Dial M for Murder (Leeds)

Lucy Bailey, in a directorial return to the West Yorkshire Playhouse, presents us with something a little dated, a fraction too consciously stylish, but undeniably chilling with her production of Frederick Knott‘s Dial M For Murder. The play might come across as a fairly conventional thriller if it weren’t for the twist: the villain is exposed from the start. Instead of a ‘whodunnit’ angle, cuckolded husband and washed-out former tennis player Tony Wendice (Richard Lintern) carefully draws out his plot to murder his pretty but somewhat vacant wife Sheila (Aislin McGuckin) with the audience privy to every detail. The play’s success therefore lies in the tension of watching the wheels being set in motion, and the unpredictable unfurling of events as the murder is ultimately bungled, with all the cover-up attempts that follow.

The opening of the play makes up aesthetically for what it lacks in substance, as Sheila and her lover Max (Nick Fletcher) lounge around in beautifully tailored evening wear, daintily sipping drinks, all the while flanked by the towering scarlet walls of a set that certainly gives no nod to subtlety. At one point, it looks as if things are sliding dangerously into Noel Coward territory as Captain Lesgate (Daniel Hill), the unlucky man blackmailed into committing the murder, guffaws that he ‘admires a man who knows what he wants’, pipe in one hand, brandy in the other.

However, it is the marvellous Richard Lintern who introduces some bite, playing Tony with a perfect mixture of easy confidence and manipulative charisma. The script is clever and beautifully crafted, allowing the audience to enjoy the delicious irony of Tony’s insistence on civility whilst he plots a murder with superbly chilling emotional detachment. Aislin McGuckin does her best to bring Sheila to life, a character primarily to be found staggering around on stage with an array of handbags, stockings and other female knickknacks. Her hysterics toward the end of the play bring laughs, but she handles the rest of Sheila’s emotional distress very well.
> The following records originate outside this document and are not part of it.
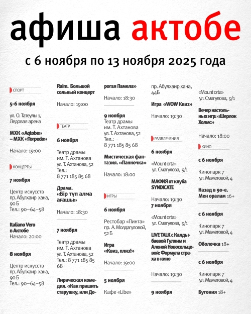 Афиша Диапазона. Куда сходить в Актобе
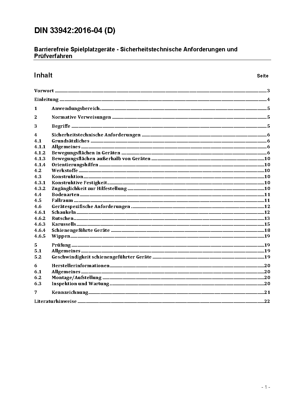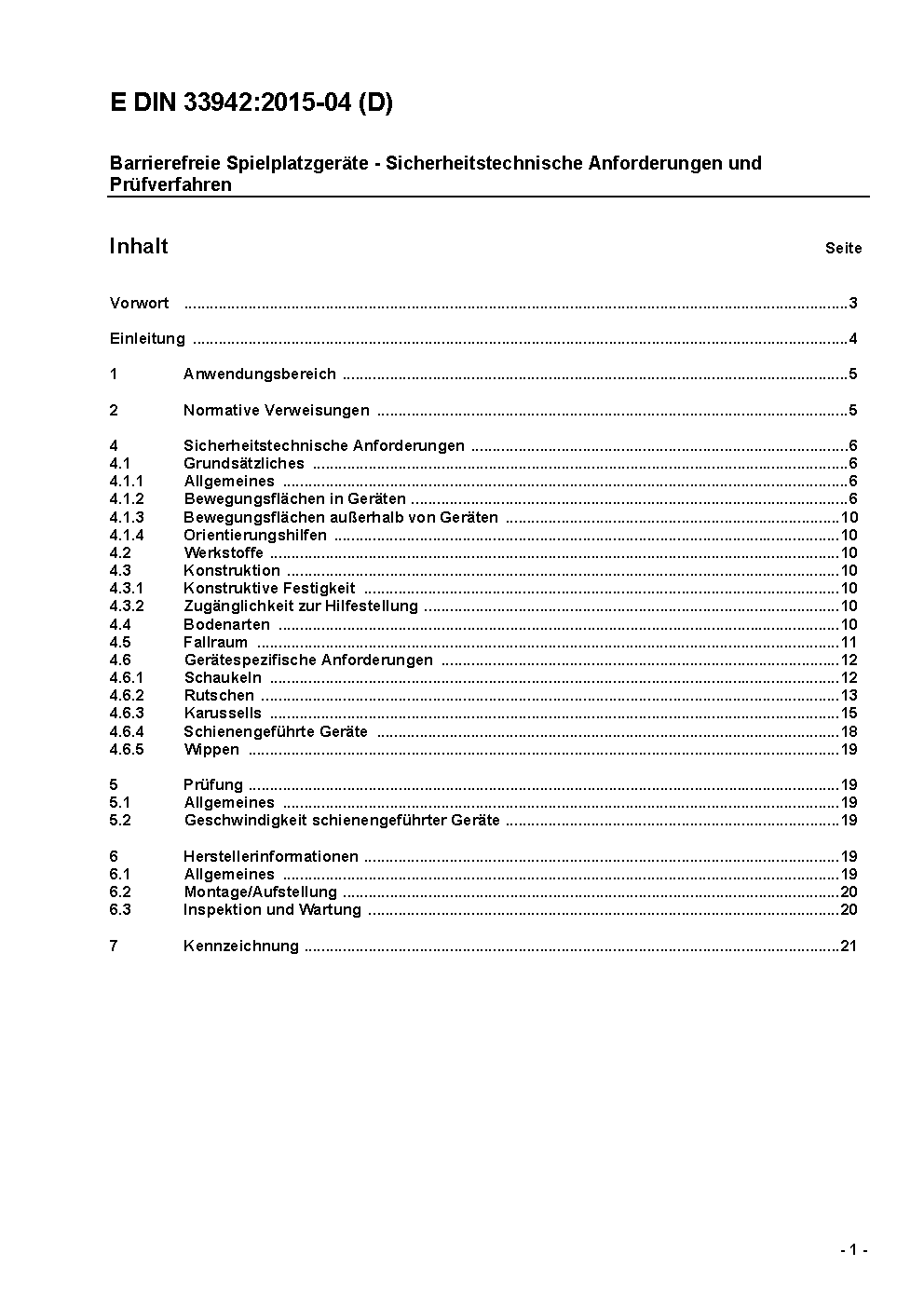Barrierefreie Spielplatzgeräte - Sicherheitstechnische Anforderungen und Prüfverfahren / Achtung: Übergangsfrist, festgelegt durch DIN 33942 (2016-04), bis 2016-10-01 beachten.
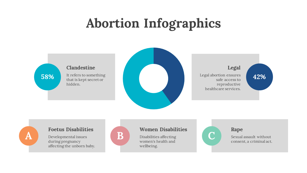 Abortion Infographics provide visual representations of information related to abortion, including statistics, laws, and medical procedures. They are designed to help people better understand the complex issues surrounding abortion and to inform public discourse. Infographics can be used to break down complex data into easy-to-digest and engaging visuals that can be shared on social media, presented at conferences, or used in educational materials. Using an Abortion Infographics template can help ensure that the information is presented clearly, accurately, and with a consistent visual style. This can help increase the effectiveness of the message and facilitate the understanding of the topic.
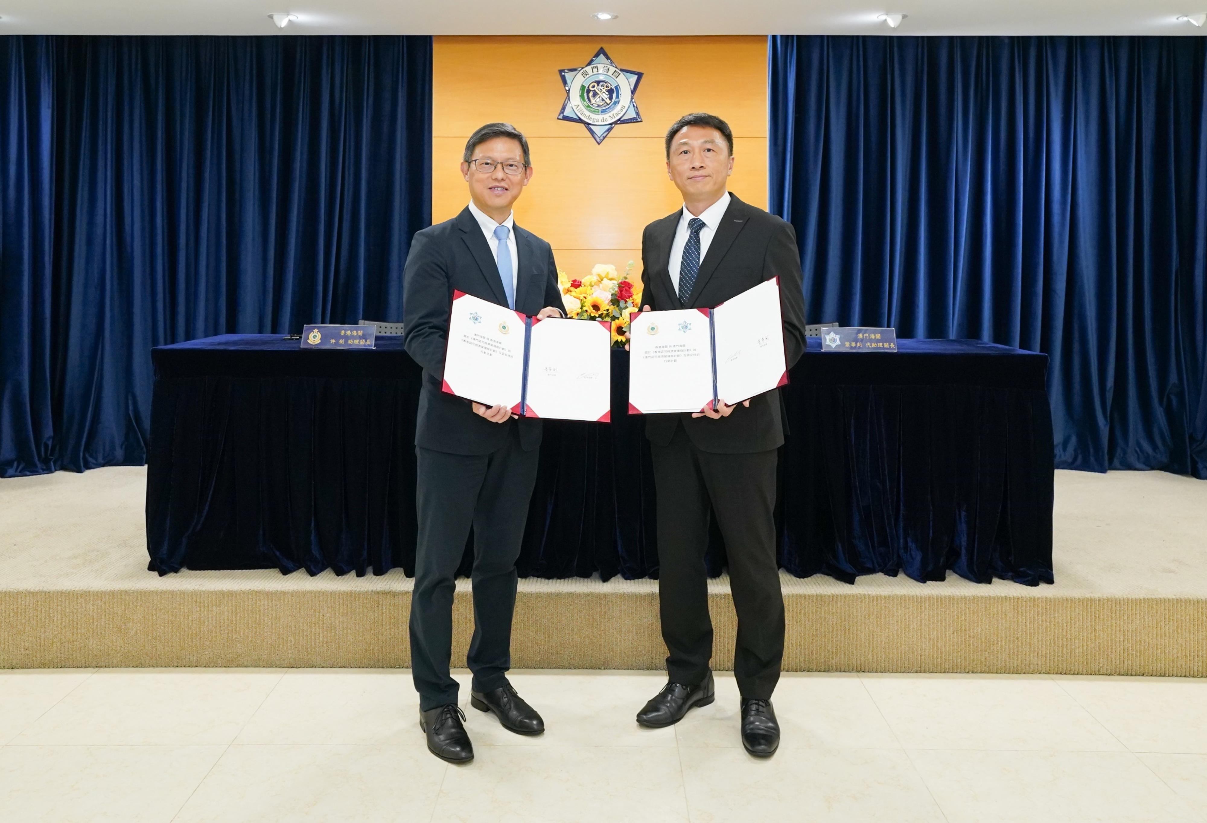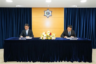 The Assistant Commissioner of Customs and Excise (Excise and Strategic Support), Mr Rudy Hui, today (September 14) attended the Bilateral Authorized Economic Operator (AEO) Mutual Recognition Arrangement (MRA) Meeting held at the Headquarters of Macao Customs Service and signed the AEO MRA Action Plan with the Acting Assistant Director-General of Macao Customs Service, Mr Ip Va-chio. This marks the commencement of a formal negotiation stage for AEO mutual recognition between the two sides.
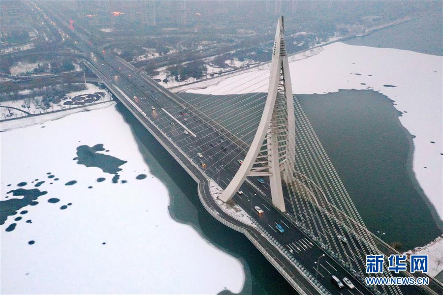这是12月15日无人机拍摄的太原市汾河及岸边的雪景。新华社记者曹阳摄
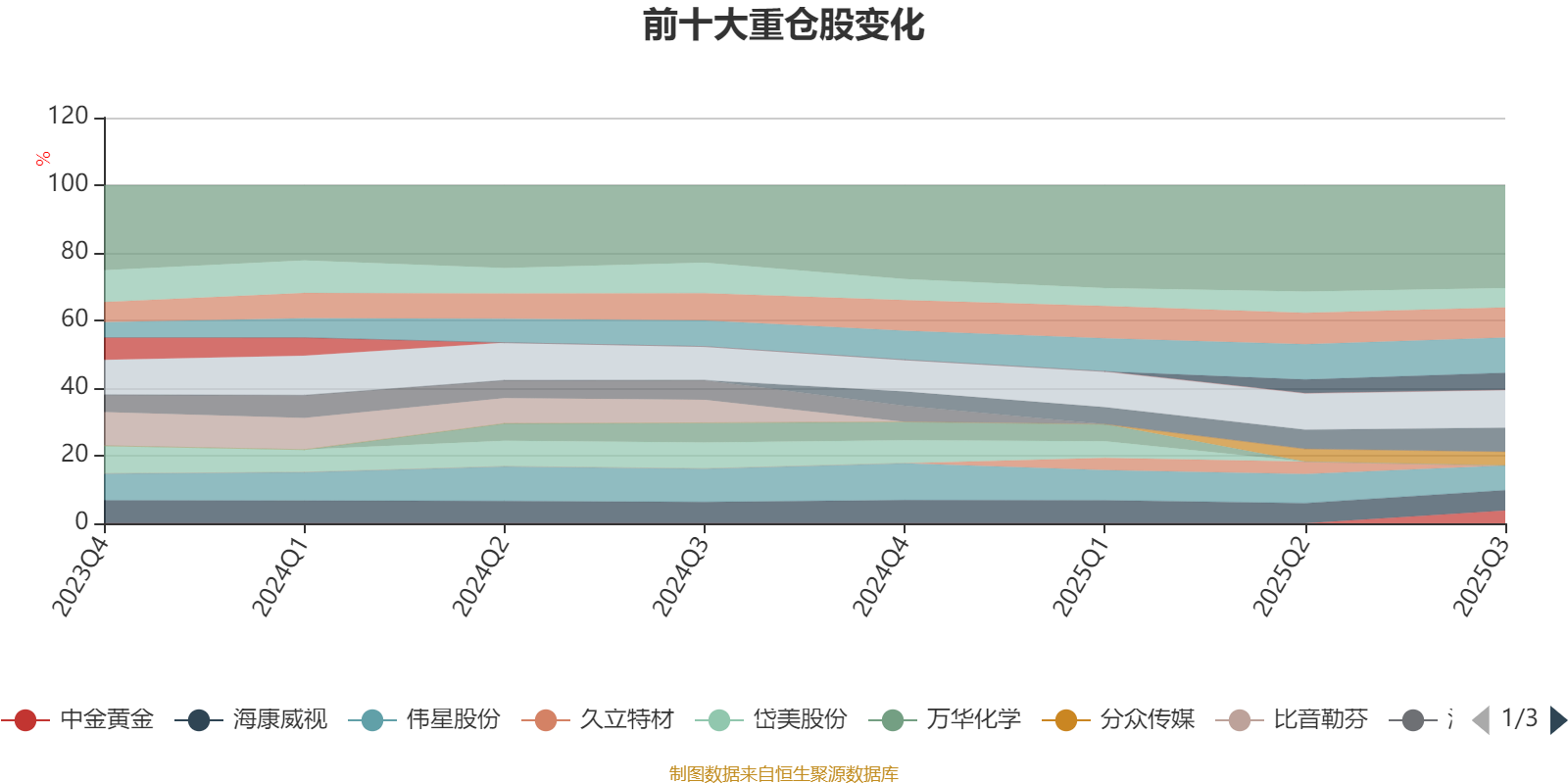 该基金持股集中度较高,近2年前十大重仓股集中度长期超过60%。截至2025年三季度末,基金十大重仓股分别是紫金矿业、腾讯控股、美的集团、伟星股份、汇丰控股、海康威视、继峰股份、杰克科技、分众传媒、中金黄金。
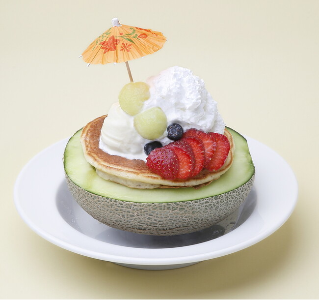 メロンの甘みを存分に感じられるようバニラアイスとホイップだけのシンプルなパンケーキにしました。
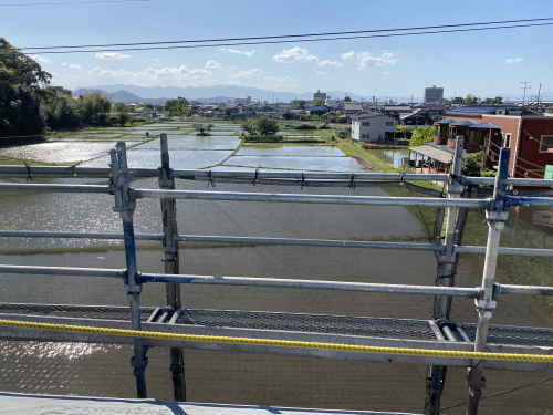 R階からの景色、湖西の山々が見え、水を張った田んぼがキラキラと輝くこの美しい景色は、滋賀ならではです。
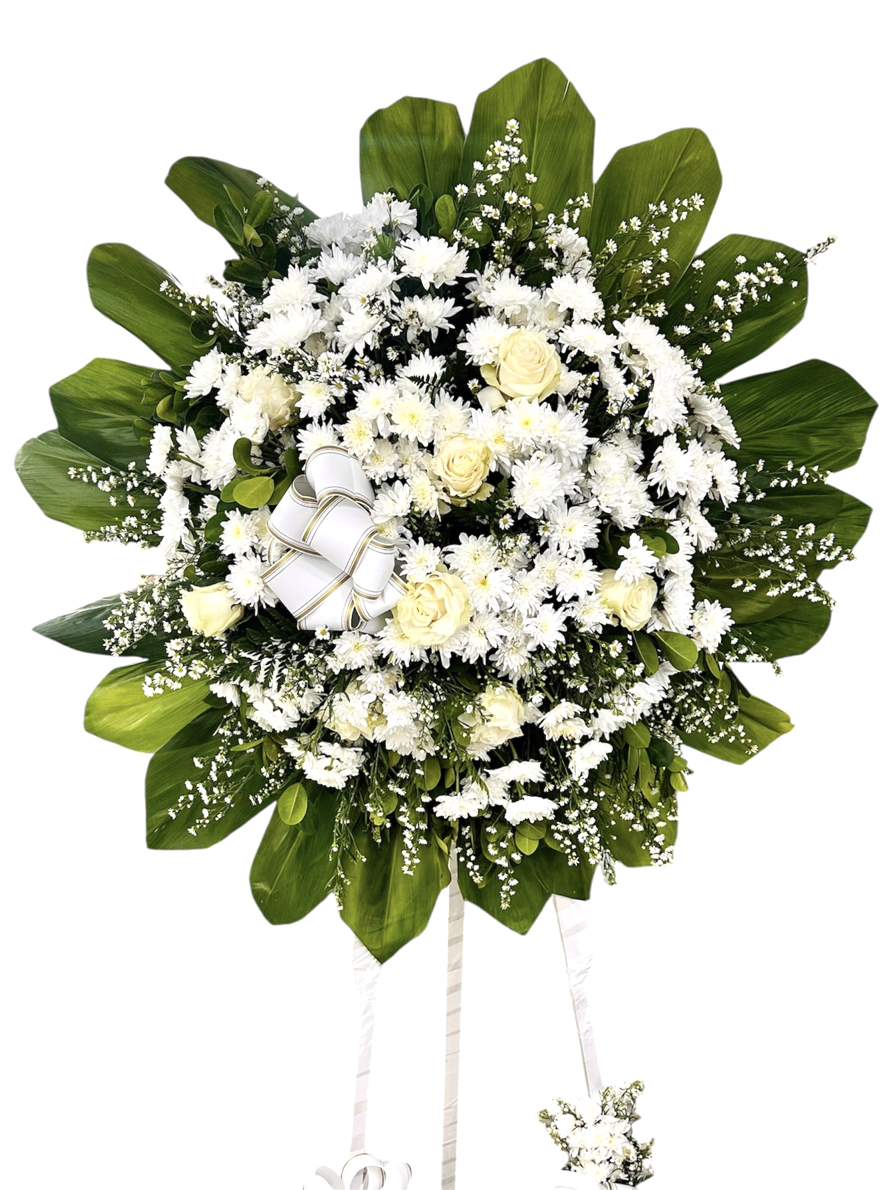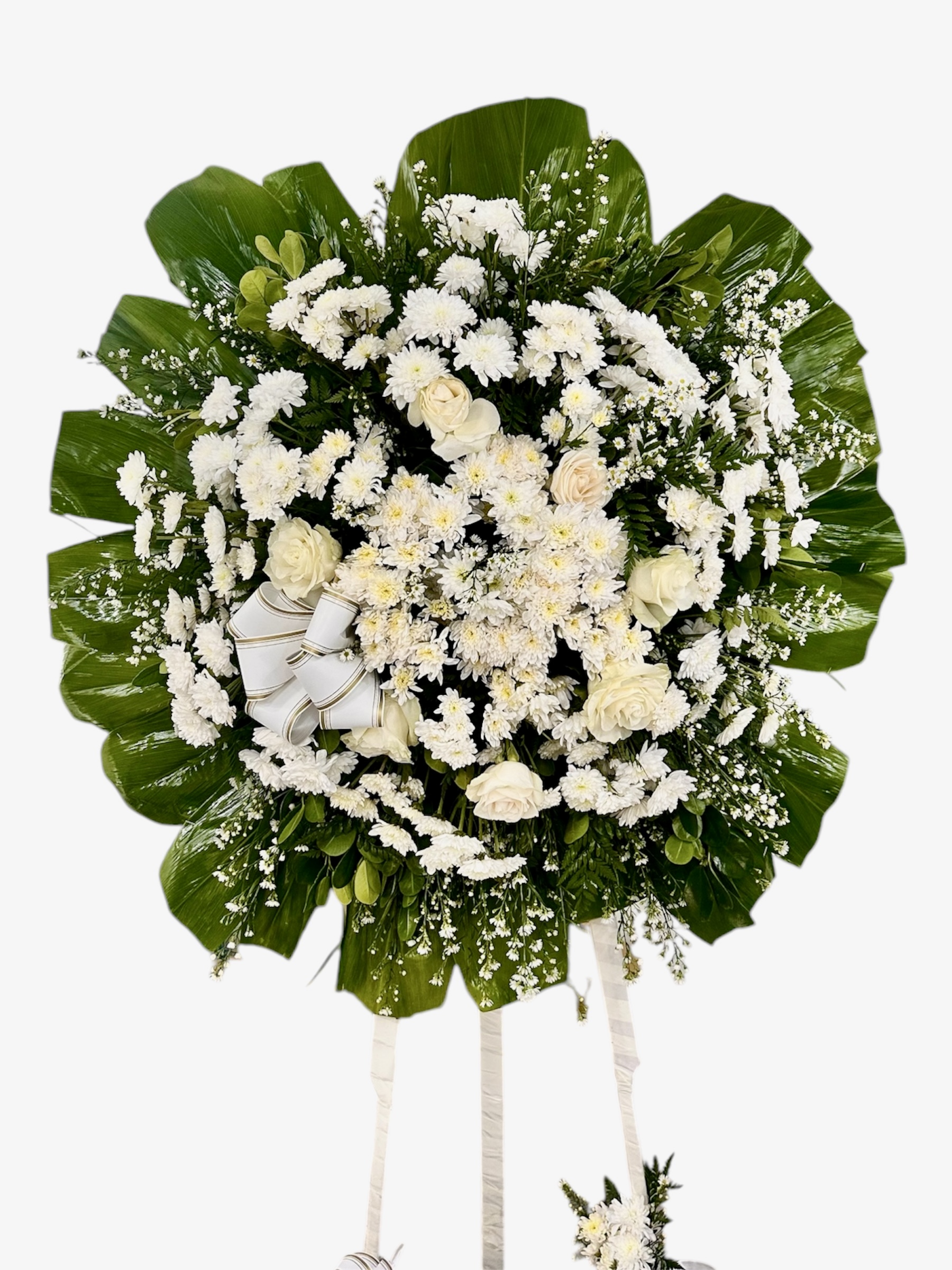 Corona Funebre con Hortensias, Rosas, Margaritas, Baby Breath y Anthurium 5667
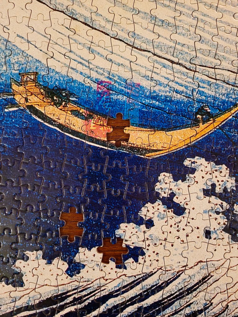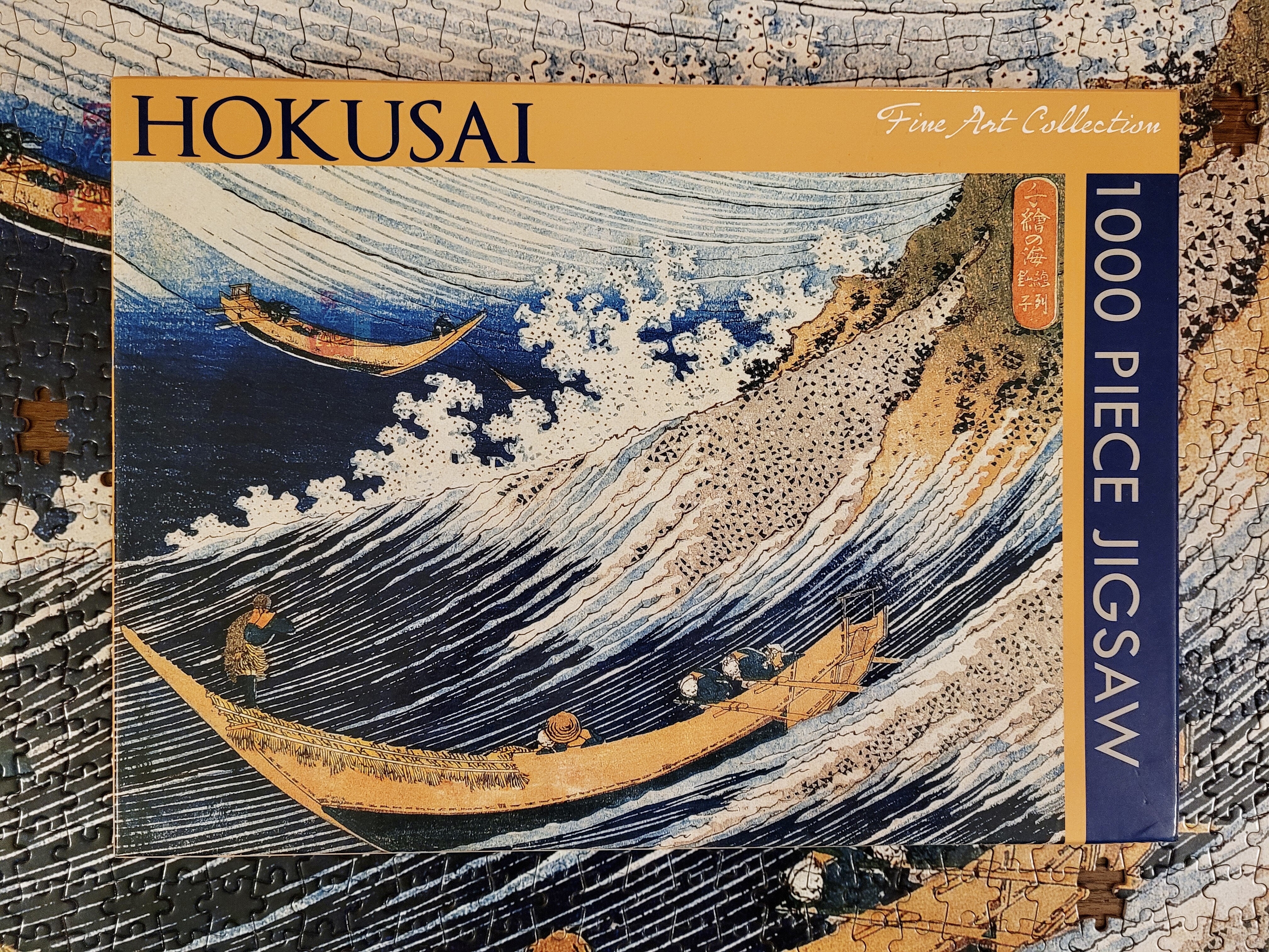 One day, Joe came home with a couple thrifted puzzles for me. One of which was this Hokusai puzzle of a print called Ocean Waves. There is a Homesense sticker on the back of the box, so this was recently purchased and then sent off to the thrift store, the manufacturer is the the Gifted Stationery Company.
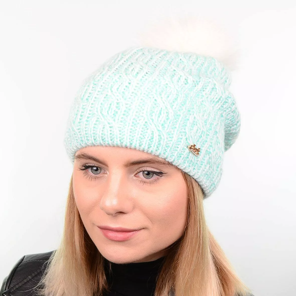 Модная зимняя шапка с натуральным меховым помпоном - смотрится
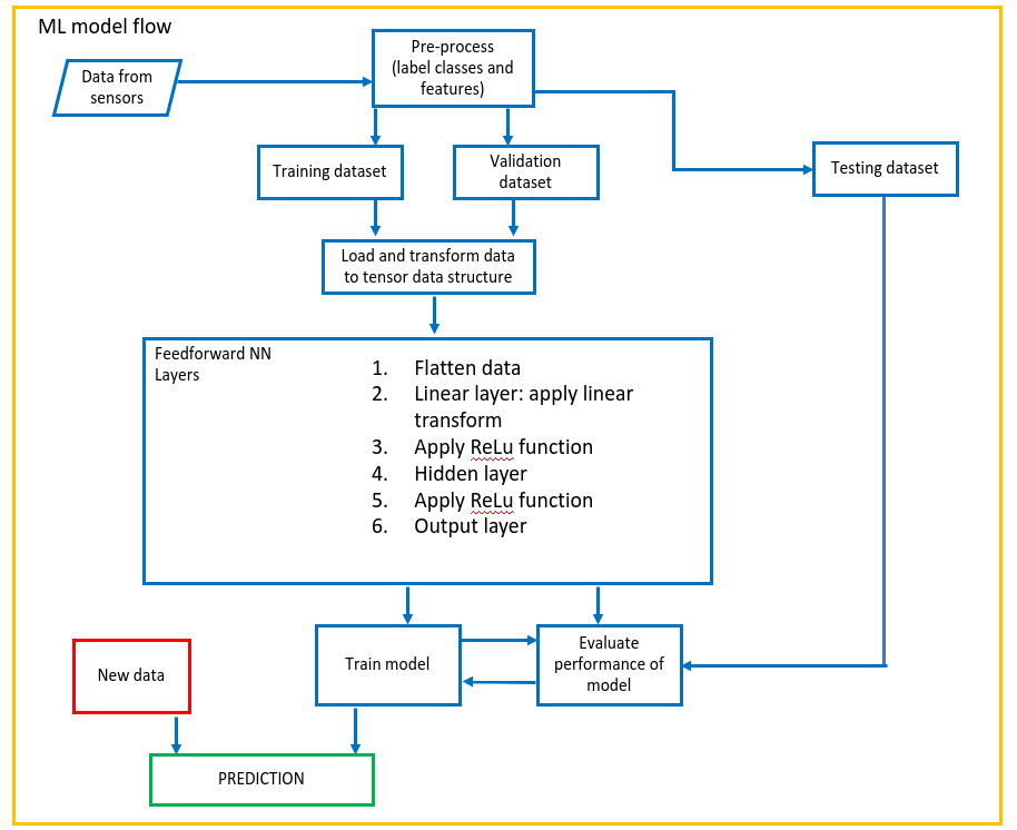 The ML network uses just one hidden layer as described in the paper. I have found other readings which apply an ensemble of networks to image datasets that show dramatically improved prediction accuracy results. As the model stands right now, an ensemble approach with a larger dataset from 8+ sensors may be helpful in modelling the time series dataset I’ve built for this experiment.

Much of the production’s strength lies in its deft creation of atmosphere, a great deal of which is down to Dial M‘s expert design team. The music builds up an element of cinematic suspense and this, alongside the set’s drapes and dreamy back gauze, mean that the characters are constantly passing in and out of the shadows. The whole tone of the piece changes very successfully from the fusty sitting room chat of the opening, to the highly tense, sharp-paced action that follows, with a brilliant attempted murder sequence that will never allow you to look at scissors in quite the same way again. All in all, a production that only gets better as it goes on, chilling and entertaining in equal measure.